## [Your objective]
Beginning with the line that holds "Ofen auf 250°C" and ending with the last line of the entries, please output each line exactly, apart from any pictures.

Segment Start: Data to examine

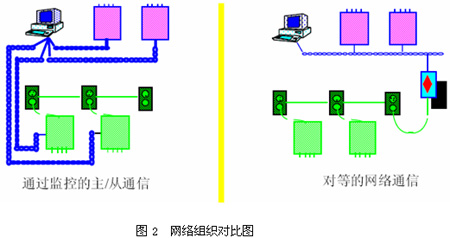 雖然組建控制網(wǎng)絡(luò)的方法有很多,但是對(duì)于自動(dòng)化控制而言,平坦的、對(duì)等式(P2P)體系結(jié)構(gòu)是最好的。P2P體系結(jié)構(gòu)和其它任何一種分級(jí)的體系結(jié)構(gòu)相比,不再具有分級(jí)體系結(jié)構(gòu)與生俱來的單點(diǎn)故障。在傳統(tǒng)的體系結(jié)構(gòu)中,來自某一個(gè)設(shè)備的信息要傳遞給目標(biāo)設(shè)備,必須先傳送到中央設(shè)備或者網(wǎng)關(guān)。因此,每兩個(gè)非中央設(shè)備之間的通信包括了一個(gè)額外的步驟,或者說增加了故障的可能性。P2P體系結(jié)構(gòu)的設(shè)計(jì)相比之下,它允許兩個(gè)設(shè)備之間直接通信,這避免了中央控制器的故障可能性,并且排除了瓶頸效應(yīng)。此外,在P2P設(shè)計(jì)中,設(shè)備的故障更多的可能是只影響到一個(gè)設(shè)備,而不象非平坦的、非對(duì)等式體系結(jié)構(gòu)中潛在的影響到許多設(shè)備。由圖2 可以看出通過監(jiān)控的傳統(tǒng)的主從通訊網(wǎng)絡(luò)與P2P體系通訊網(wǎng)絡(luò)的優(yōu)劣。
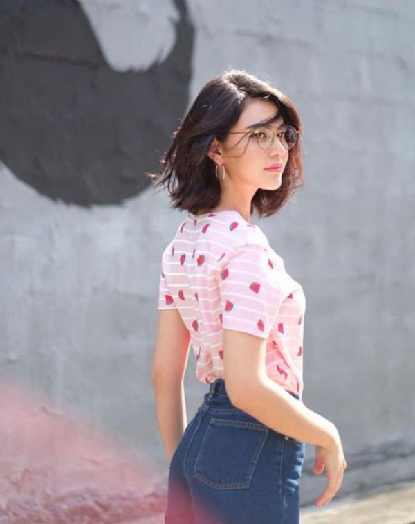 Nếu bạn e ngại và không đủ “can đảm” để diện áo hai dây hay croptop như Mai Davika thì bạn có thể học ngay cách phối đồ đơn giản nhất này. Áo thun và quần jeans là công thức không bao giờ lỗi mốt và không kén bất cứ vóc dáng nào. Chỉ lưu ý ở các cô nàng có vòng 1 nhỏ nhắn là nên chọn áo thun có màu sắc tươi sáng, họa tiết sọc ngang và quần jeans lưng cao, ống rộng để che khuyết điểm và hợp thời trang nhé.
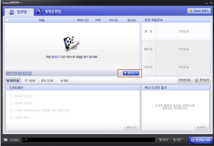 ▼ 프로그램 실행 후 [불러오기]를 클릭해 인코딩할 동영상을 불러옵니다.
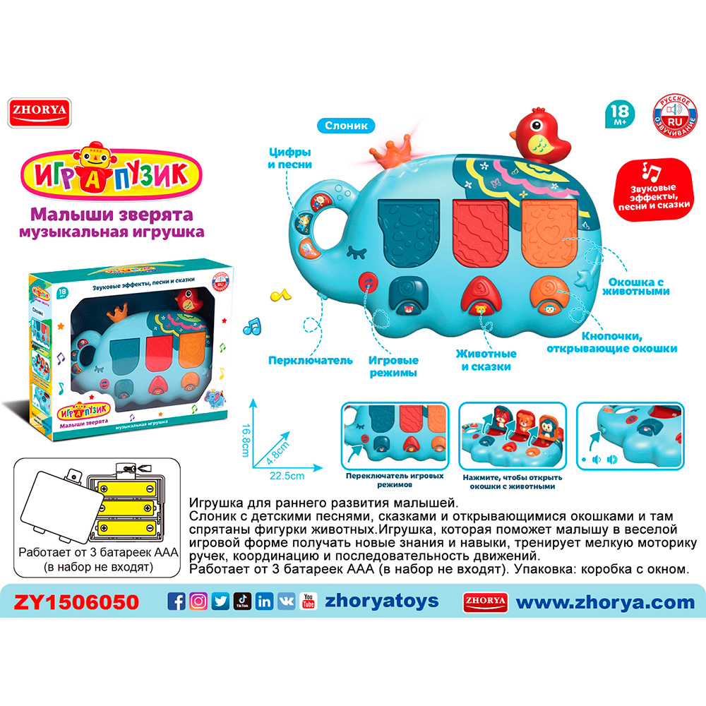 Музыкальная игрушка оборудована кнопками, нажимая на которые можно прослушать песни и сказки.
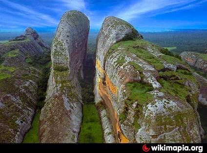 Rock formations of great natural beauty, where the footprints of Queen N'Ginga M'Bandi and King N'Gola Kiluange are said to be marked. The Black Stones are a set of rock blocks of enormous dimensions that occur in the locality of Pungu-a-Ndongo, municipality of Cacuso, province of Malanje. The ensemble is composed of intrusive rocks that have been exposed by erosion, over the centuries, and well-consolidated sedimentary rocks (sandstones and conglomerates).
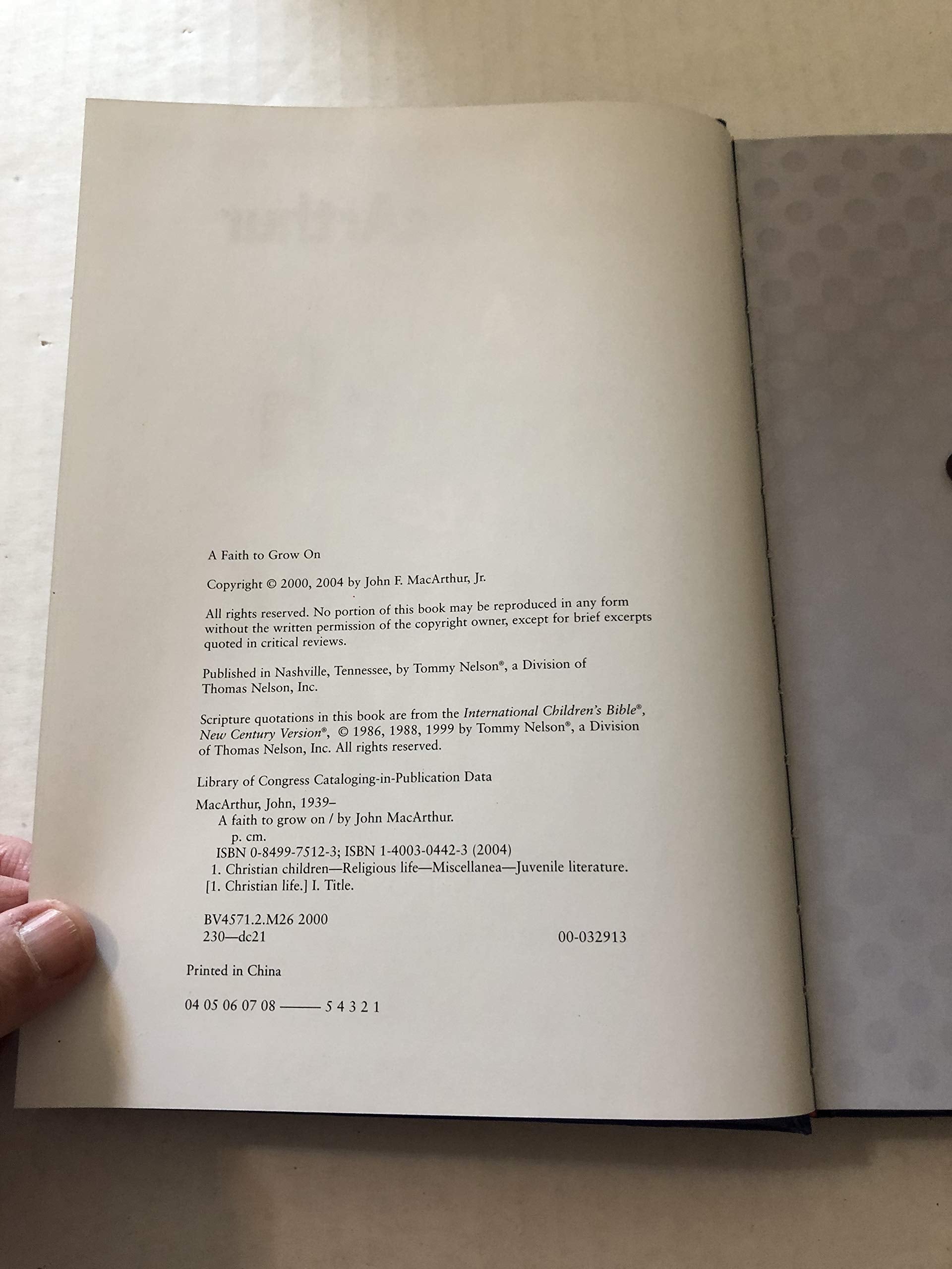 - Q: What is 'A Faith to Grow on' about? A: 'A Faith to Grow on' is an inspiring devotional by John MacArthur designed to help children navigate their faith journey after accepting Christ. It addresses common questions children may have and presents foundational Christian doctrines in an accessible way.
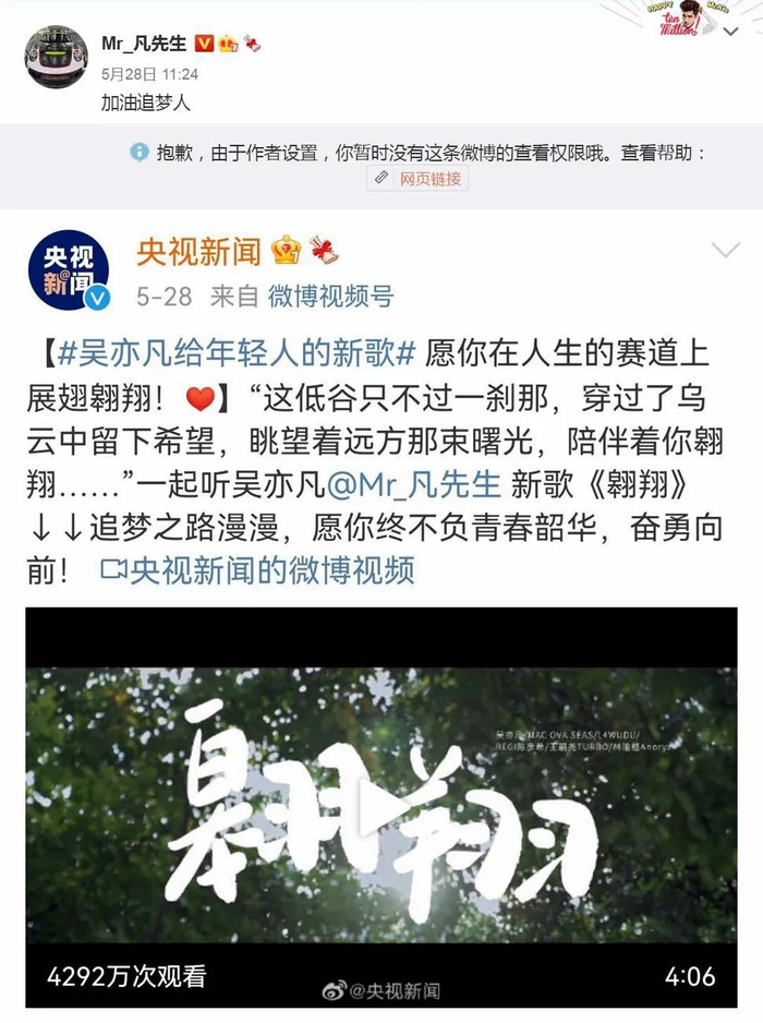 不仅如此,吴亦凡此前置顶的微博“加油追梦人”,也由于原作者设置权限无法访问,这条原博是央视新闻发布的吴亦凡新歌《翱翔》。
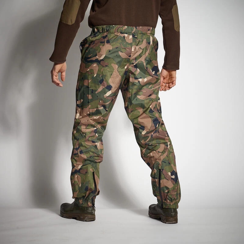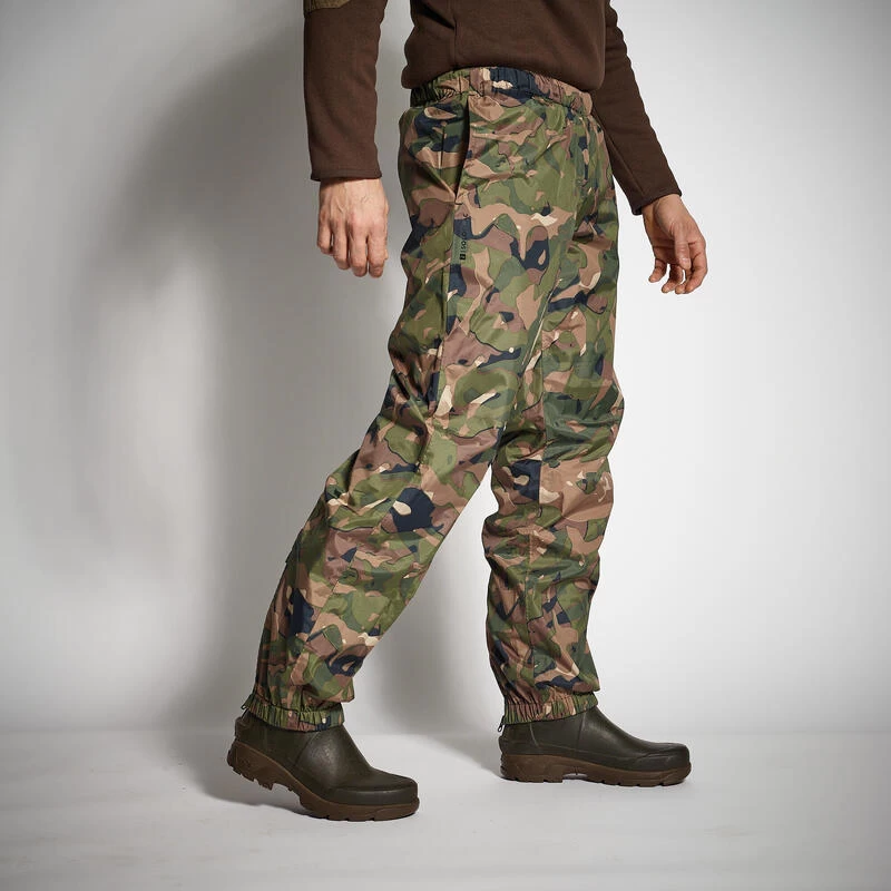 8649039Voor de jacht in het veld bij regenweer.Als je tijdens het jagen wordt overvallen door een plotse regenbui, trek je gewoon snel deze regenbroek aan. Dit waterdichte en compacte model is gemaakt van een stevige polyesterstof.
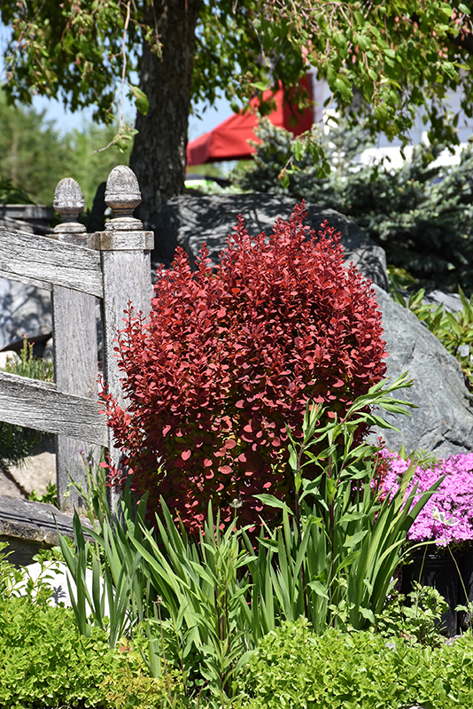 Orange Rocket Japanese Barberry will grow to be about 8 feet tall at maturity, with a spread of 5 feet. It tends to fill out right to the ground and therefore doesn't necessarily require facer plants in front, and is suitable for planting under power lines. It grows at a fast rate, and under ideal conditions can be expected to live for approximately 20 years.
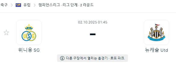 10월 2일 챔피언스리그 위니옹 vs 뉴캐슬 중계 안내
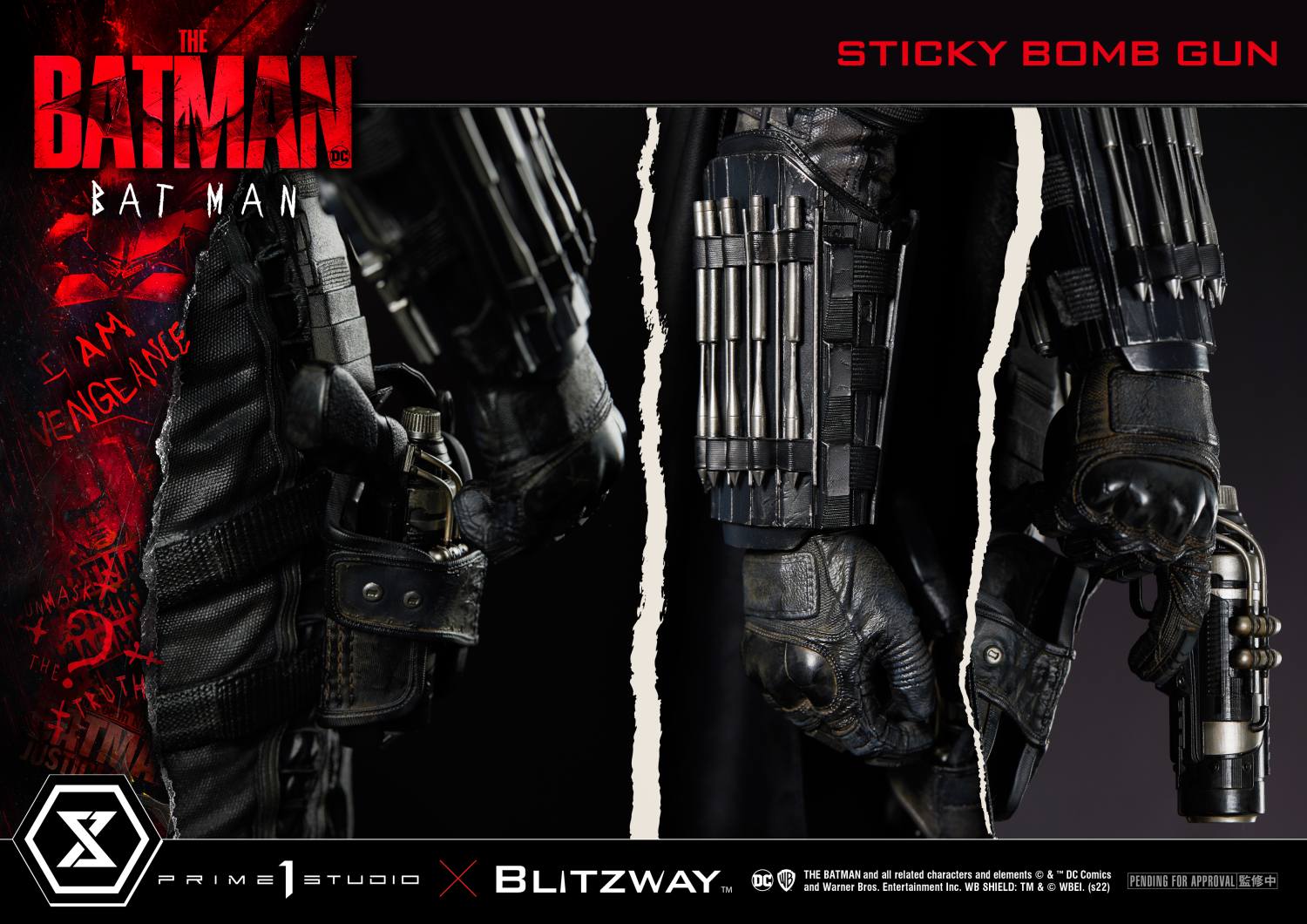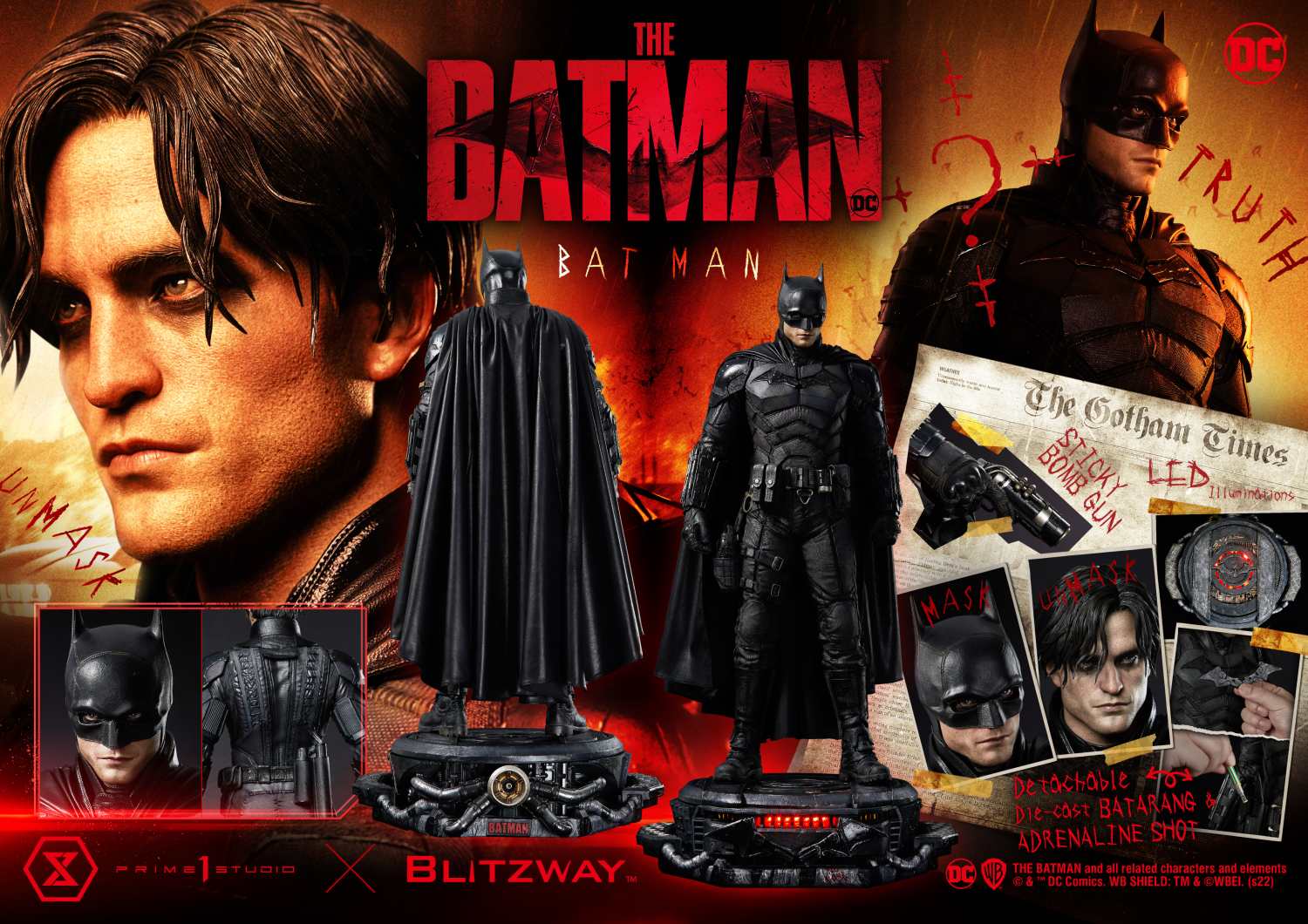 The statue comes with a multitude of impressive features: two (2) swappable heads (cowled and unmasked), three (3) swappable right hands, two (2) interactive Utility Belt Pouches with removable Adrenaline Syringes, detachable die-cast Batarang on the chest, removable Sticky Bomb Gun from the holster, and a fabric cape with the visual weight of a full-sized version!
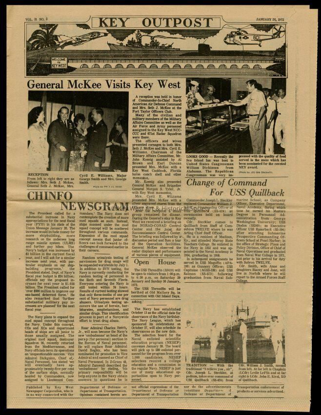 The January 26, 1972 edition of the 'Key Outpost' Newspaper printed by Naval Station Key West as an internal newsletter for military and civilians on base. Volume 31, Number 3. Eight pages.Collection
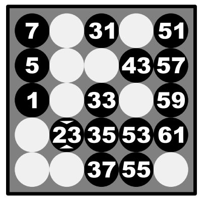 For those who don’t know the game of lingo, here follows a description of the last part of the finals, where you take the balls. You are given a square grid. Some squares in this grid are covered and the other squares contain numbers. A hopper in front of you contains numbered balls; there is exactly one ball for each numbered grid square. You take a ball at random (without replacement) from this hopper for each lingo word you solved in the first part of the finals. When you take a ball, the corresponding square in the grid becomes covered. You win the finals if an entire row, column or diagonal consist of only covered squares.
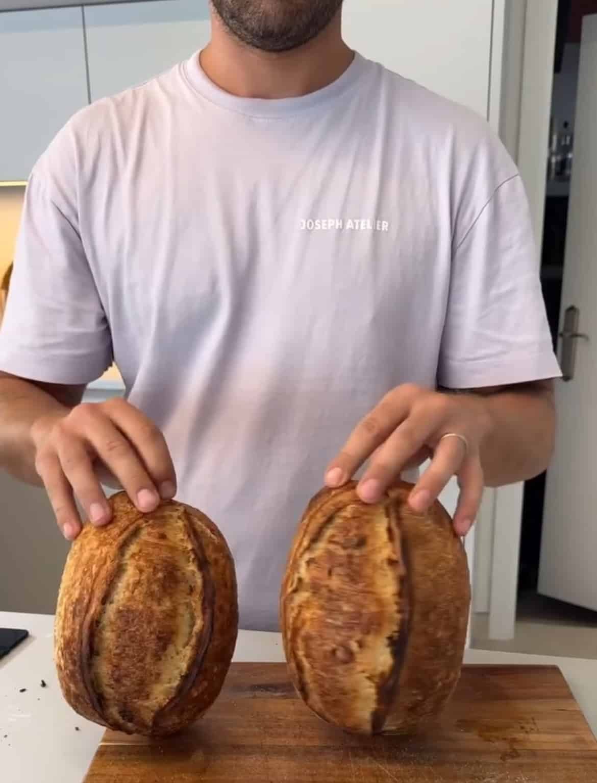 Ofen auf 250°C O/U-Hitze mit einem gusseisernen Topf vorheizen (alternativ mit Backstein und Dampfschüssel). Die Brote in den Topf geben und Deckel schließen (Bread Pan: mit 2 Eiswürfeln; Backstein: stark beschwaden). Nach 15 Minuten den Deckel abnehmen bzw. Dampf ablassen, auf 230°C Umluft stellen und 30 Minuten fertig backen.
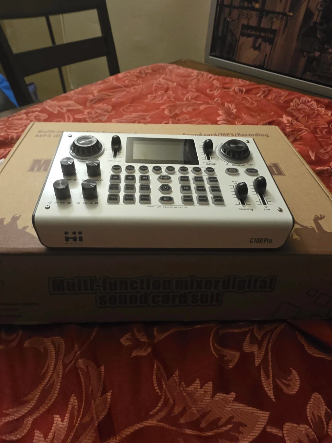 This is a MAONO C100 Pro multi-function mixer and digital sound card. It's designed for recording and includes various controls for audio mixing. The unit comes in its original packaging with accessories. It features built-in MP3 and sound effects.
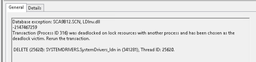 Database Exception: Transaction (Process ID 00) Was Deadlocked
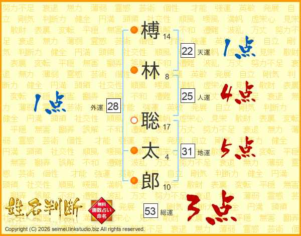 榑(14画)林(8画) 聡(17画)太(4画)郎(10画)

Segment End: Data to examine

## [Your response]
 Ofen auf 250°C O/U-Hitze mit einem gusseisernen Topf vorheizen (alternativ mit Backstein und Dampfschüssel). Die Brote in den Topf geben und Deckel schließen (Bread Pan: mit 2 Eiswürfeln; Backstein: stark beschwaden). Nach 15 Minuten den Deckel abnehmen bzw. Dampf ablassen, auf 230°C Umluft stellen und 30 Minuten fertig backen.
 This is a MAONO C100 Pro multi-function mixer and digital sound card. It's designed for recording and includes various controls for audio mixing. The unit comes in its original packaging with accessories. It features built-in MP3 and sound effects.
 Database Exception: Transaction (Process ID 00) Was Deadlocked
 榑(14画)林(8画) 聡(17画)太(4画)郎(10画)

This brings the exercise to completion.